▸ **Working data**:
──────────

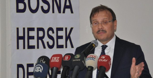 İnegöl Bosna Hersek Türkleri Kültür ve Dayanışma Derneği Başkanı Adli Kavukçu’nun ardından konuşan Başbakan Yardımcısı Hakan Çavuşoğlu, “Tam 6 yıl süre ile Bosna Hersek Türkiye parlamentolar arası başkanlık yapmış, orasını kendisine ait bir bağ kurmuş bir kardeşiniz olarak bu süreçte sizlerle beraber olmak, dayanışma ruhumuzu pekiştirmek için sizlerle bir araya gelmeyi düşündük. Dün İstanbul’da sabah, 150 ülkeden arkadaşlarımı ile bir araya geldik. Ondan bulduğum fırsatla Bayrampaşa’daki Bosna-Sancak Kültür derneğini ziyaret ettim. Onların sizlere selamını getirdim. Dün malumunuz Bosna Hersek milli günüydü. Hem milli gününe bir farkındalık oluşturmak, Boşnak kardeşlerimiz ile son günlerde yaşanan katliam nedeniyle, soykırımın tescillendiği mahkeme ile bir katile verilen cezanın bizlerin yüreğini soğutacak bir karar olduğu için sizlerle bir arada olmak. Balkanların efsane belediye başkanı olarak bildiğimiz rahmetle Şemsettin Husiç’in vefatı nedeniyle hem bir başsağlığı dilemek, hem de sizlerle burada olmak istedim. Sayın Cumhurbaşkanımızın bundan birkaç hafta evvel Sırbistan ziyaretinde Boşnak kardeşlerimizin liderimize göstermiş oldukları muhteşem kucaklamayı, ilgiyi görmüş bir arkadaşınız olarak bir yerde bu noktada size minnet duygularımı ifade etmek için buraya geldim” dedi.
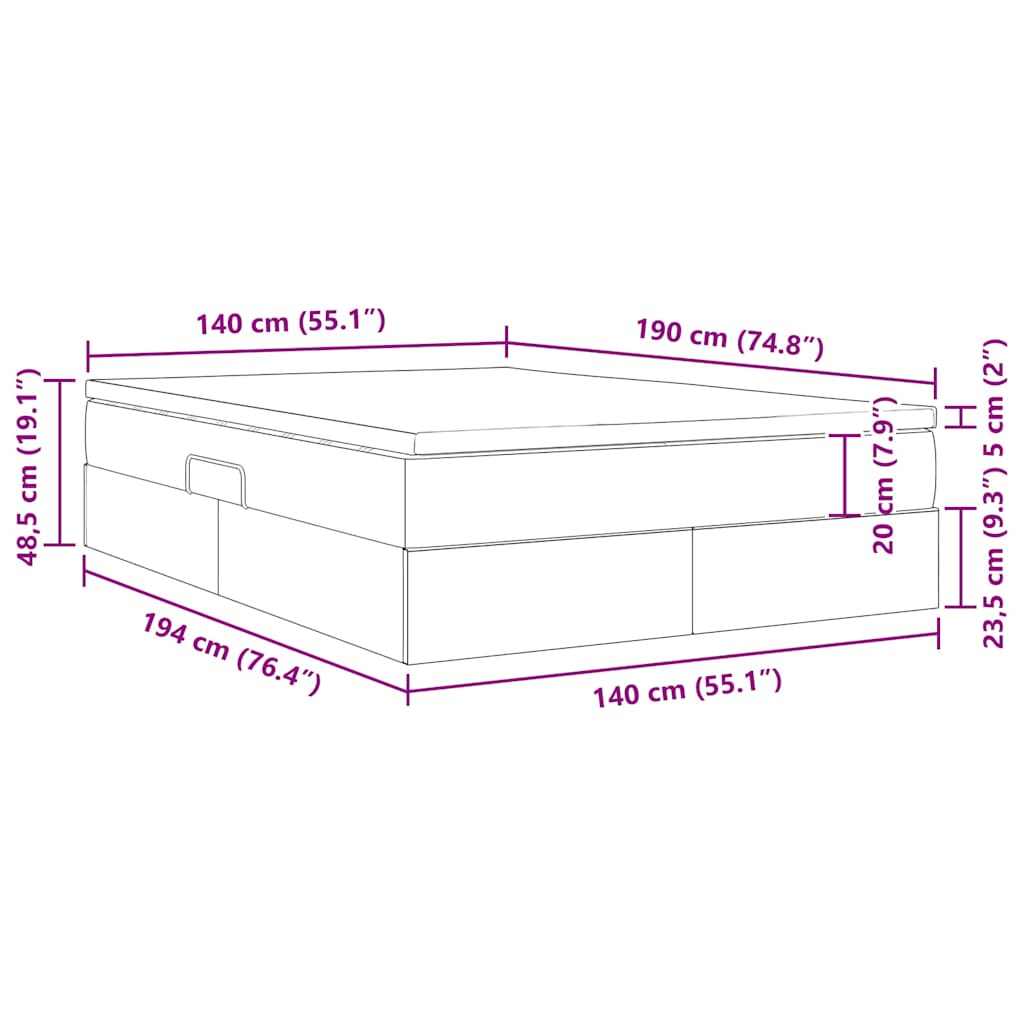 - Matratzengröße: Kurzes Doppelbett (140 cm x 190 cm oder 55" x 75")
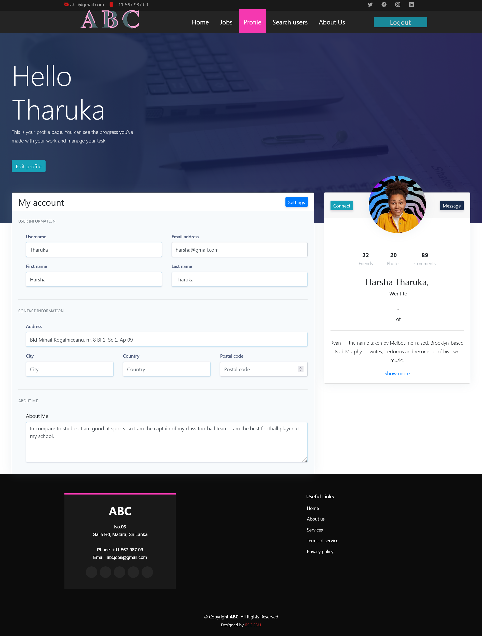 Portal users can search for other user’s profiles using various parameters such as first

──────────

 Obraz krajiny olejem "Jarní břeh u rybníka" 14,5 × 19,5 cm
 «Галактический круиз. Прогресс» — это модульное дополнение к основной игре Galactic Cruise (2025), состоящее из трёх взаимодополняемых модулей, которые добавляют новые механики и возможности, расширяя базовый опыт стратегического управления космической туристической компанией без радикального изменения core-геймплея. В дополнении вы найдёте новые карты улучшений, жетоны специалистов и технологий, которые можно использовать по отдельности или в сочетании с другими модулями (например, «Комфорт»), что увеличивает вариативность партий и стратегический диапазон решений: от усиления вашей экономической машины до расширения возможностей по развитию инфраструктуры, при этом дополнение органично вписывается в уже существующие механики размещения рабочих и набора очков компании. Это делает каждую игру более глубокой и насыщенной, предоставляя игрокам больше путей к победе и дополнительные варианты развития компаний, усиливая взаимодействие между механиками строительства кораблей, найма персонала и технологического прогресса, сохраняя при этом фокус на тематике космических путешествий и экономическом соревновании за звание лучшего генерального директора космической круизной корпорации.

──────────

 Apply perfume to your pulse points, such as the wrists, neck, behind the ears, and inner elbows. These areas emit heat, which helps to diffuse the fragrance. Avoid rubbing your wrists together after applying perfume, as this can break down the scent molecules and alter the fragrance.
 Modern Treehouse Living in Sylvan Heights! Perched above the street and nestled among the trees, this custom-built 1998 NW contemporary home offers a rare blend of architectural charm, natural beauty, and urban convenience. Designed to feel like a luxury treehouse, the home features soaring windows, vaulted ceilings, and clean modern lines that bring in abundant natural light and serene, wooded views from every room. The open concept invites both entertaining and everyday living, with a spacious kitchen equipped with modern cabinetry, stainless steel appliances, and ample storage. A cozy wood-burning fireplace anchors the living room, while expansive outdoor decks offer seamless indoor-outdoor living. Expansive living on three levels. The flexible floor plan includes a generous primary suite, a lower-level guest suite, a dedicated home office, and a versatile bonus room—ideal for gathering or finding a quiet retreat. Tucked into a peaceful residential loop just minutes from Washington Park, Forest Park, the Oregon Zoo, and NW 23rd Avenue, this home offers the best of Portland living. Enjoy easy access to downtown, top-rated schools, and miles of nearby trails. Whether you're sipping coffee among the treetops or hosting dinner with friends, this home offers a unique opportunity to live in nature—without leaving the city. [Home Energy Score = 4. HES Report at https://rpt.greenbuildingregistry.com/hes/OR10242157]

──────────

▸ **Exercise**: Look above for the line holding "Obraz krajiny olejem" and the line holding "космической круизной корпорации.". Retype both, and every line between them, word for word and nothing else.

▸ **Response to the exercise**:
 Obraz krajiny olejem "Jarní břeh u rybníka" 14,5 × 19,5 cm
 «Галактический круиз. Прогресс» — это модульное дополнение к основной игре Galactic Cruise (2025), состоящее из трёх взаимодополняемых модулей, которые добавляют новые механики и возможности, расширяя базовый опыт стратегического управления космической туристической компанией без радикального изменения core-геймплея. В дополнении вы найдёте новые карты улучшений, жетоны специалистов и технологий, которые можно использовать по отдельности или в сочетании с другими модулями (например, «Комфорт»), что увеличивает вариативность партий и стратегический диапазон решений: от усиления вашей экономической машины до расширения возможностей по развитию инфраструктуры, при этом дополнение органично вписывается в уже существующие механики размещения рабочих и набора очков компании. Это делает каждую игру более глубокой и насыщенной, предоставляя игрокам больше путей к победе и дополнительные варианты развития компаний, усиливая взаимодействие между механиками строительства кораблей, найма персонала и технологического прогресса, сохраняя при этом фокус на тематике космических путешествий и экономическом соревновании за звание лучшего генерального директора космической круизной корпорации.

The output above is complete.